%%

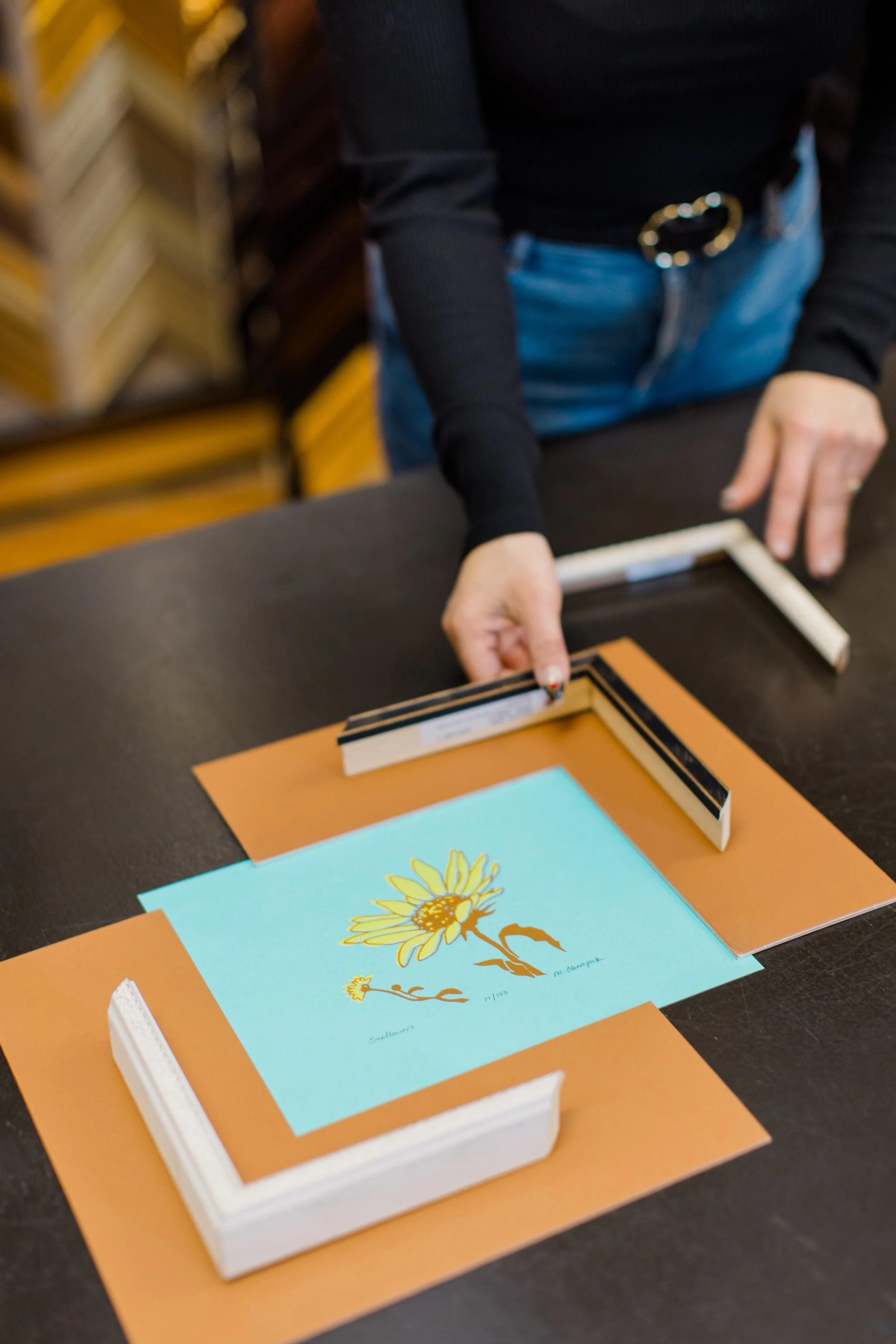 We are committed to highlighting your special piece, and an experienced staff member will help you choose the perfect frame to fit your piece’s story.
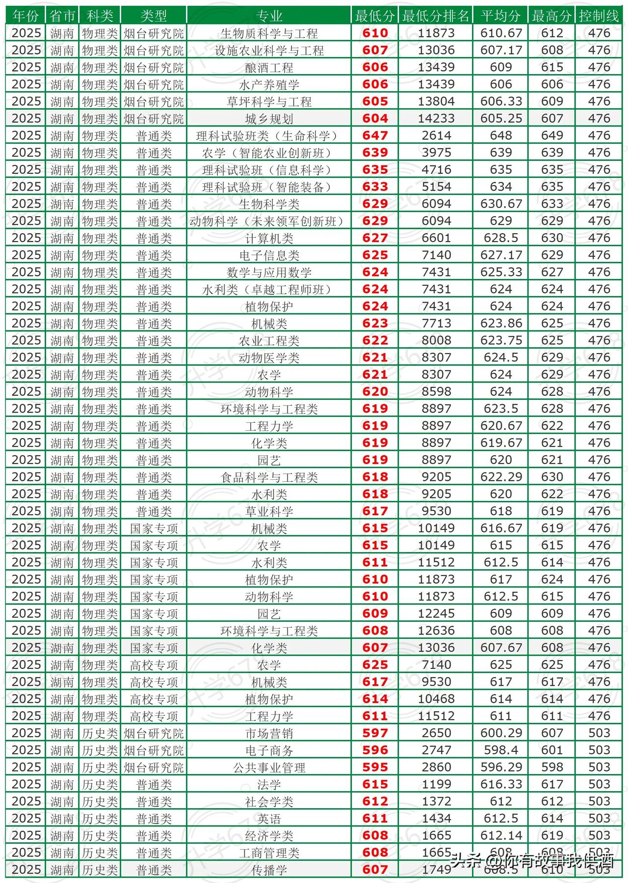【报考必备】中国农业大学2025年湖南省专业录取分。
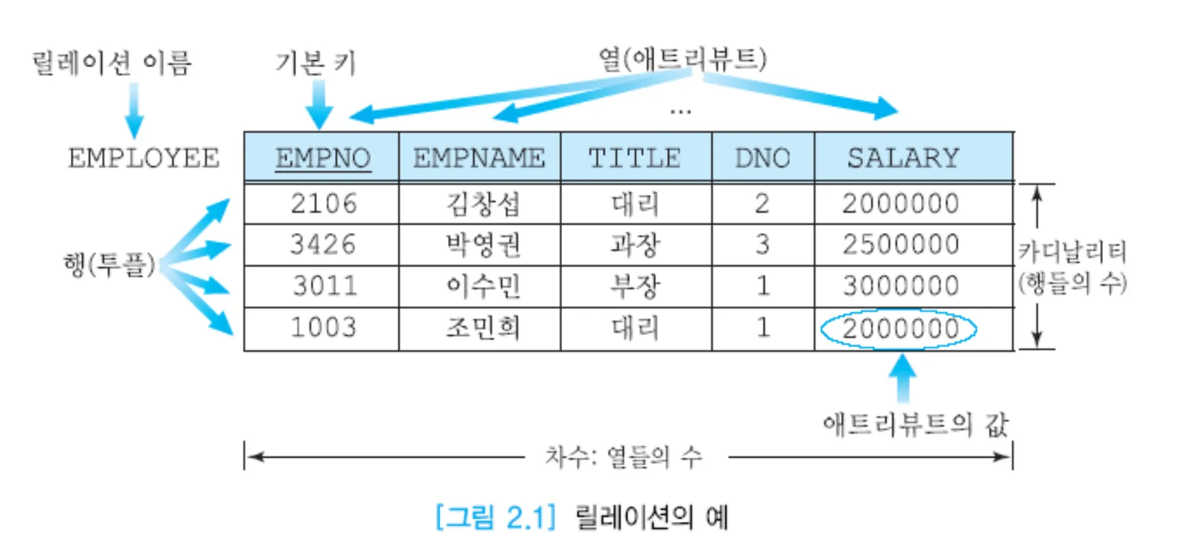 - 관계 데이터 모델은 지금까지 제안된 모델들 중 가장 개념이 단순한 데이터 모델의 하나
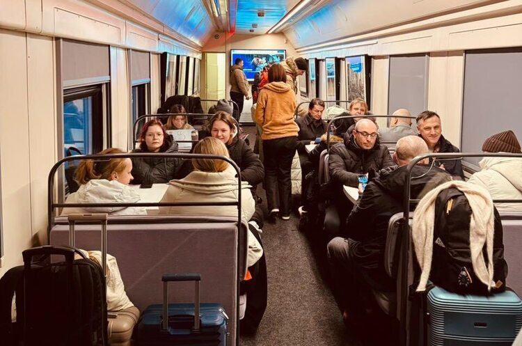 АТ «Укрзалізниця» розгорнула Пункт незламності в польському Холмі, де через реконструкцію вокзалу пасажири змушені очікувати на рейси до України надворі.
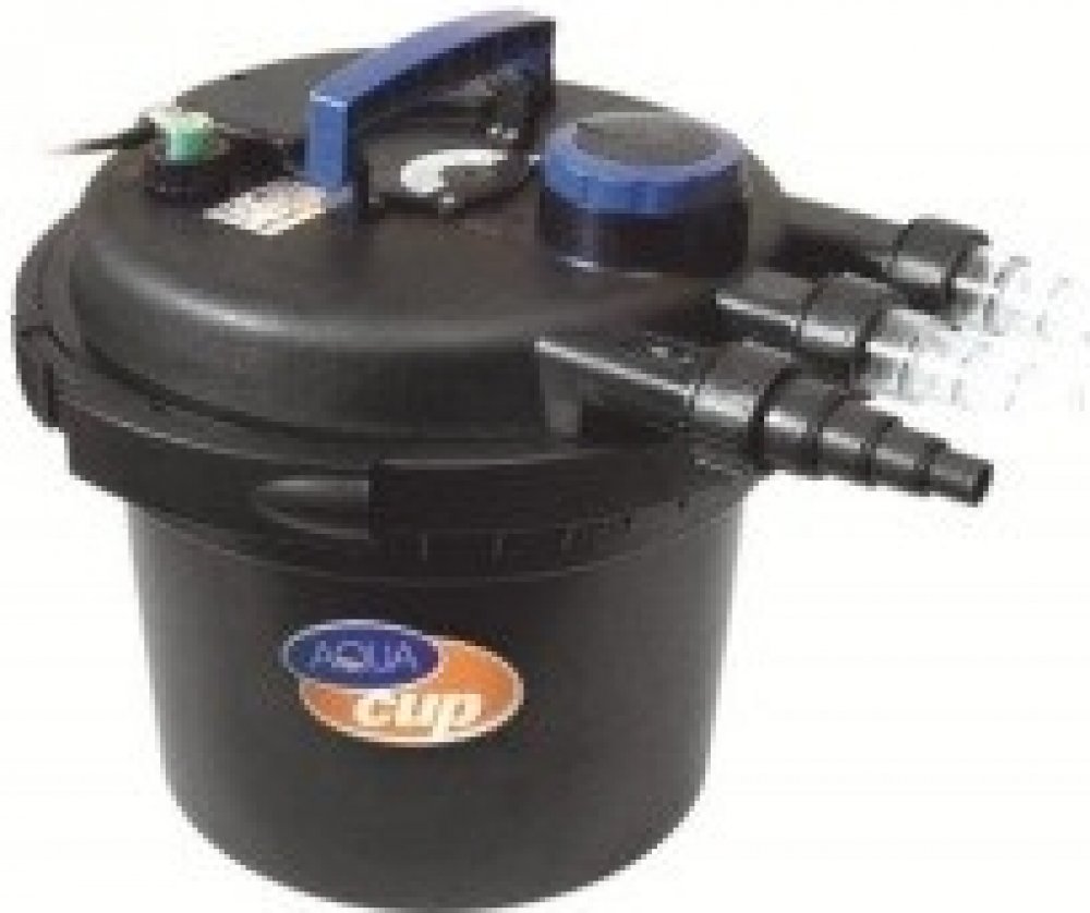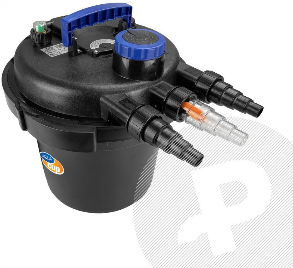 Tlakový filtrační systém určený pro okrasná zahradní jezírka do maximálního objemu 6 m3. Možnost umístění mimo břeh jezírka, výtok vody z filtrace lze využít na potůček či vodopád. Filtrace má přepínání režimu provozu a praní.
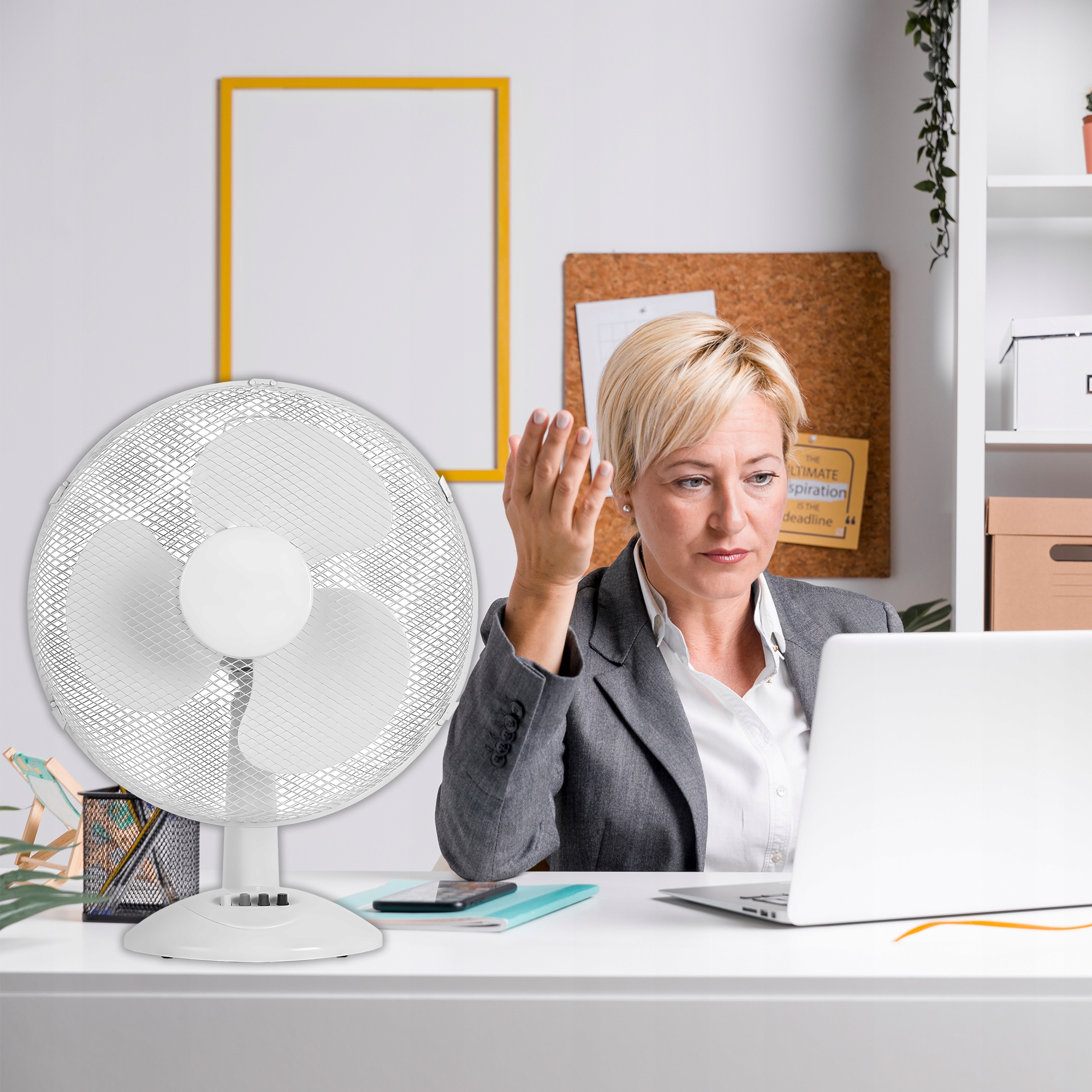 Наш сучасний і надійний настільний вентиляторзабезпечить ідеальну циркуляцію нагрітого повітря навіть у дуже спекотні дні. Пристрій оснащений ротором із 3 лопатями забезпечує рівномірний потік повітря. Функція коливання гарантує, що повітря досягне кожної частини кімнати.
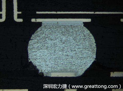 通常拿到一張BGA的切片照片時(shí),第一個(gè)要判斷的就是那一邊屬于BGA的封裝面,那一邊又是屬于電路板組裝面。對(duì)于這個(gè)問題,我的方法是從銅箔的厚度來做判斷,銅箔比較厚的那一面通常是電路板組裝面,因?yàn)锽GA封裝的載板通常都比電子組裝的電路板來得薄,所以會(huì)選用比較薄的銅箔厚度。
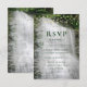 The outdoor rustic themed wedding RSVP card features string lights at the top of the beautiful silky-white waterfall.

%%

■ Task ■
Take the listing above and retype it exactly. Its pictures are to be omitted.

■ Solved exercise ■
 We are committed to highlighting your special piece, and an experienced staff member will help you choose the perfect frame to fit your piece’s story.
【报考必备】中国农业大学2025年湖南省专业录取分。
 - 관계 데이터 모델은 지금까지 제안된 모델들 중 가장 개념이 단순한 데이터 모델의 하나
 АТ «Укрзалізниця» розгорнула Пункт незламності в польському Холмі, де через реконструкцію вокзалу пасажири змушені очікувати на рейси до України надворі.
 Tlakový filtrační systém určený pro okrasná zahradní jezírka do maximálního objemu 6 m3. Možnost umístění mimo břeh jezírka, výtok vody z filtrace lze využít na potůček či vodopád. Filtrace má přepínání režimu provozu a praní.
 Наш сучасний і надійний настільний вентиляторзабезпечить ідеальну циркуляцію нагрітого повітря навіть у дуже спекотні дні. Пристрій оснащений ротором із 3 лопатями забезпечує рівномірний потік повітря. Функція коливання гарантує, що повітря досягне кожної частини кімнати.
 通常拿到一張BGA的切片照片時(shí),第一個(gè)要判斷的就是那一邊屬于BGA的封裝面,那一邊又是屬于電路板組裝面。對(duì)于這個(gè)問題,我的方法是從銅箔的厚度來做判斷,銅箔比較厚的那一面通常是電路板組裝面,因?yàn)锽GA封裝的載板通常都比電子組裝的電路板來得薄,所以會(huì)選用比較薄的銅箔厚度。
 The outdoor rustic themed wedding RSVP card features string lights at the top of the beautiful silky-white waterfall.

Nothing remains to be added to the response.